In neural networks,Parameters store fuzzy knowledge memories, similar to long-term memory in the human brain, whilethe tokens in the context window are equivalent to short-term working memory. In other words, the model's parameters carry the information it learned during training, but this information may just befuzzy impressionsrather than clear facts. The data within the context windowis directly availablelike the information we have just received, can be referenced and processed immediately.

This mechanism has important implications for the use of LLMs. For example, in ChatGPT, if you directly ask it to summarize the first chapter of Pride and Prejudice, it might give a roughly reasonable response because it has seen a lot of relevant content in its training data. However, a better approach isto provide the complete text excerptFor example: "Please summarize Chapter 1 of Pride and Prejudice. The full text of the chapter is provided for reference." Then, paste the text into the input box. This way, the model does not have to rely on vague memory but candirectly read the text, ensuring higher accuracy and completeness.。

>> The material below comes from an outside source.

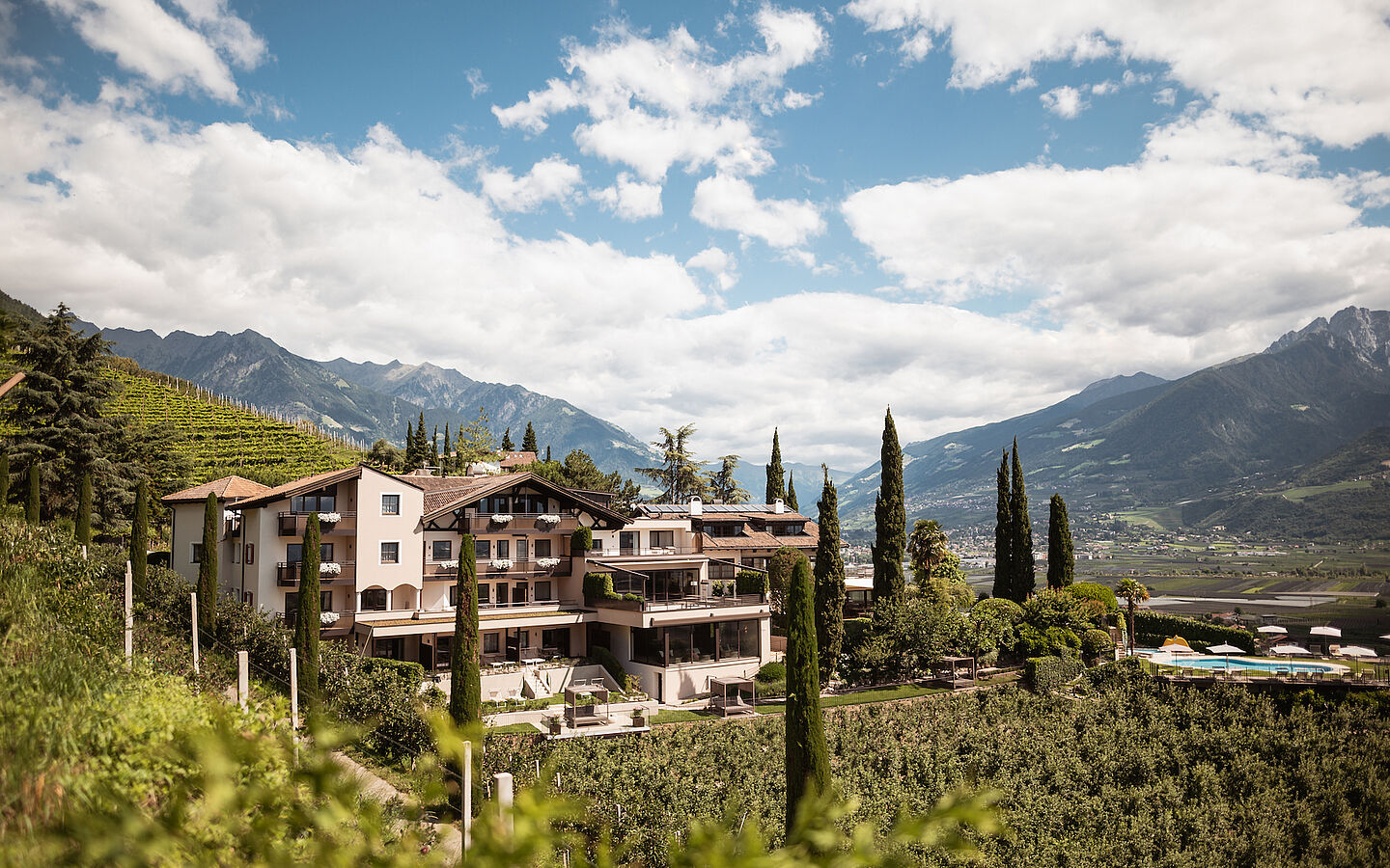 Tage in glücklicher Lage: DAS GRAFENSTEIN Baby- und Kinderhotel liegt malerisch eingebettet in den Obst- und Weingärten von Tscherms und verspricht wunderbare Tage mit der Familie.

This phenomenon is similar to human cognitive processes.If we are asked to recall the beginning of a book, we might remember some main plots, but ifwe read it again first,Our summary will be more accurate and detailed. This also indicates that when LLM faces specific problems,providing clear contextual information is much more effective than relying on its own memory.This can significantly improve the quality of answers.